In this lab, we will study the *implicit bias* induced by *Gradient Descent* optimization in the simple case of *linear regression*, fitted on a toy dataset. In particular, we will show that GD-optimized weights converge to the **least norm** solution of the linear regression problem.

Then, we will study how different initializations and different optimizers affect the weights learned by a *Convolutional neural network*.


An analysis of implicit regularization (aka implicit bias) induced by *Stochastic Gradient Descent* in *full-width linear fully-connected* and *full-width linear convolutional* neural networks is provided in [this paper](https://arxiv.org/abs/1806.00468).



In [None]:
import numpy as np
import matplotlib.pyplot as plt
from scipy import linalg as LA
import random

random.seed(546)
np.random.seed(987)

## Linear regression


Let's first create a function which generates data. You've already seen this in many previous labs.

In [None]:
def datagen(d, points, m, M, w, sigma):
    X = np.zeros((points,d))
    for i in range(points):
        X[i,:] = np.random.uniform(m, M, d)
    eps = np.random.normal(0, sigma, points)
    y = np.dot(X,w) + eps 
    return X, y

We can visualise the data created if $d=1$.

In [None]:
d = 1
w = np.random.normal(0, 1, d)
sigma = 3
points = 100
m = -10
M = 10

X, y = datagen(d, points, m, M, w, sigma)
fig, ax =plt.subplots()
ax.scatter(X,y)
ax.plot(X,np.dot(X,w), color = "red")
ax.set_title('Data')

fig.show()

Let's now create the data set that we will use, in a higher dimension.

In [None]:
d = 10
w = np.random.normal(0,1,d)
sigma = 3
points = 1000
m = -10
M = 10

X, y = datagen(d, points, m, M, w, sigma)

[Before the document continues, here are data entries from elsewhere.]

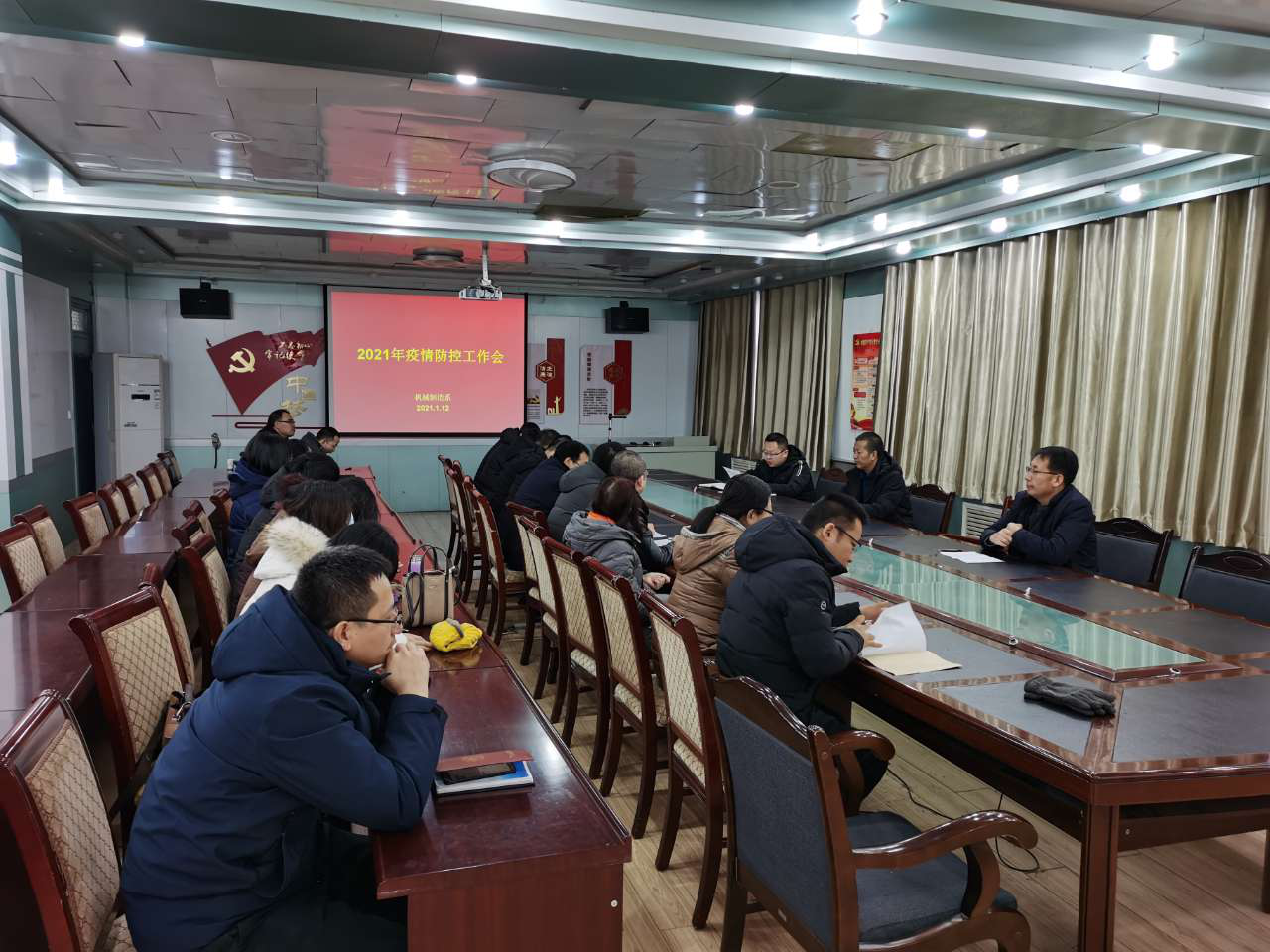 根據(jù)《武威職業(yè)學(xué)院2021年寒假春節(jié)開學(xué)前新冠肺炎疫情防控應(yīng)急處置預(yù)案》和《關(guān)于進(jìn)一步加強寒假期間學(xué)生疫情防控工作的通知》通知要求,1月12日,機械制造系在博學(xué)樓黨員活動室召開疫情防控工作專題會議,傳達(dá)省市、學(xué)院疫情防控要求,部署寒假師生管理和疫情防控工作。
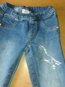 Trend guru nem vagyok, de a lányom szerint egy sima farmer nem szép -szóval ha már megint ezt akarom, hogy hordja (mivelhogy semmi baja a gatyónak és még csak ki sem nőtte) jó lenne ha jól nézne ki. Hát igen nehéz megfelelni egy 5 éves elvárásainak 🙂 Mivelhogy a lovacska a menő nálunk továbbra is, ezért került ez a szuper minta, kb 5 perc alatt a farmerre. Mutatom hogyan.
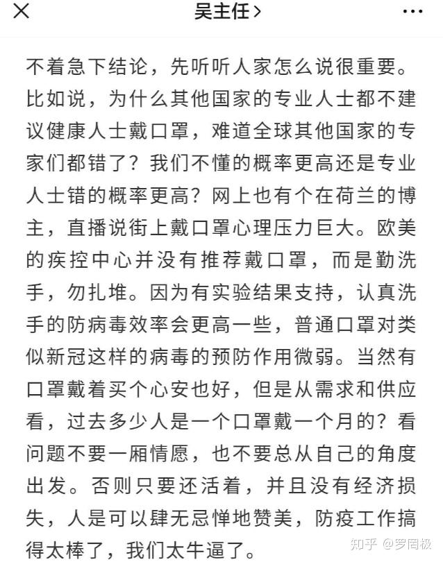不着急下结论,先听听人家怎么说很重要。比如说,为什么其他国家的专业人士都不建议健康人士戴口罩,难道全球其他国家的专家们都错了?我们不懂的概率更高还是专业人士错的概率更高?网上也有个在荷兰的博主,直播说街上戴口罩心理压力巨大。欧美的疾控中心并没有推荐戴口罩,而是勤洗手,勿扎堆。因为有实验结果支持,认真洗手的防病毒效率会更高一些,普通口罩对类似新冠这样的病毒的预防作用微弱。当然有口罩戴着买个心安也好,但是从需求和供应看,过去多少人是一个口罩戴一个月的?看问题不要一厢情愿,也不要总从自己的角度出发。否则只要还活着,并且没有经济损失,人是可以肆无忌惮地赞美,防疫工作搞得太棒了,我们太牛逼了
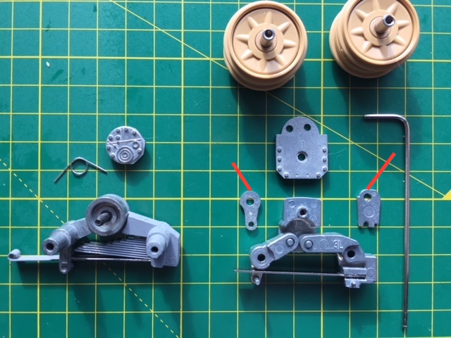 Below, indicated by the red arrow, is the dread retaining clip Taigen, Asiatam (and presumably) HL use to keep the spring 'Leaf' assembly in place. Here we are looking at the plastic floor of my Taigen Winter ed. Pz IV. When it arrived, clips were missing, and two were adrift...and that's before I even started it up for its maiden clank. :-<

In the case of **linear regression**, fitted by means of *least squares*, we optimize the following loss function:
$$
L=\|y-Xw\|_{2}^{2}.
$$

If we choose the *GD* optimization algorithm, we perform weight updates proportional to the gradient of the loss function:
$$
\nabla_{w} L = -X(y-Xw).
$$

Additionally, notice that the **least norm** solution of the *linear regression* problem is given by:
$$
w^{*}=(X^{T}X + \lambda I)^{-1}X^{T}y.
$$

##### 1. Compute the least norm solution of the linear regression problem.

In [None]:
def least_norm_reg(X, y, lam):
    # YOUR CODE
    pass

##### 2. Perform GD optimization of the linear regression problem iteratively, storing the weights at each iteration.

In [None]:
# gradient of the MSE corresponding to the ordinary least squares solution for linear regression
def OLSGradient(X, y, w):
    # YOUR CODE
    pass

# gradient descent for linear regression with learning rate gamma
def GD(X, y, Iter, gamma):
    # YOUR CODE
    pass

##### 3. Plot the evolution of the weights during GD optimization, showing their relation with the least norm solution.

In [None]:
# YOUR CODE

## Fully Connected Neural Network

*Remember to enable GPU acceleration! `Runtime` > `Change runtime type` > `Hardware acceleration` > `GPU`*

In [None]:
import torch
import torch.nn as nn
import torch.nn.functional as F
import torchvision
import torchvision.transforms as transforms
from time import time

torch.manual_seed(0)

### Loading the data set

The [CIFAR-10](https://www.cs.toronto.edu/~kriz/cifar.html) data set consists of $60000$ $32x32$ colour images in $10$ classes, with $6000$ images per class. There are $50000$ training images and $10000$ test images. 


In [None]:
BATCH_SIZE = 32

# Convert data to PyTorch tensor form and normalise it
# The output of torchvision datasets are PILImage images of range [0, 1]. We transform them to Tensors of normalized range [-1, 1].
data_transforms = transforms.Compose([transforms.ToTensor(), transforms.Normalize((0.5, 0.5, 0.5), (0.5, 0.5, 0.5))])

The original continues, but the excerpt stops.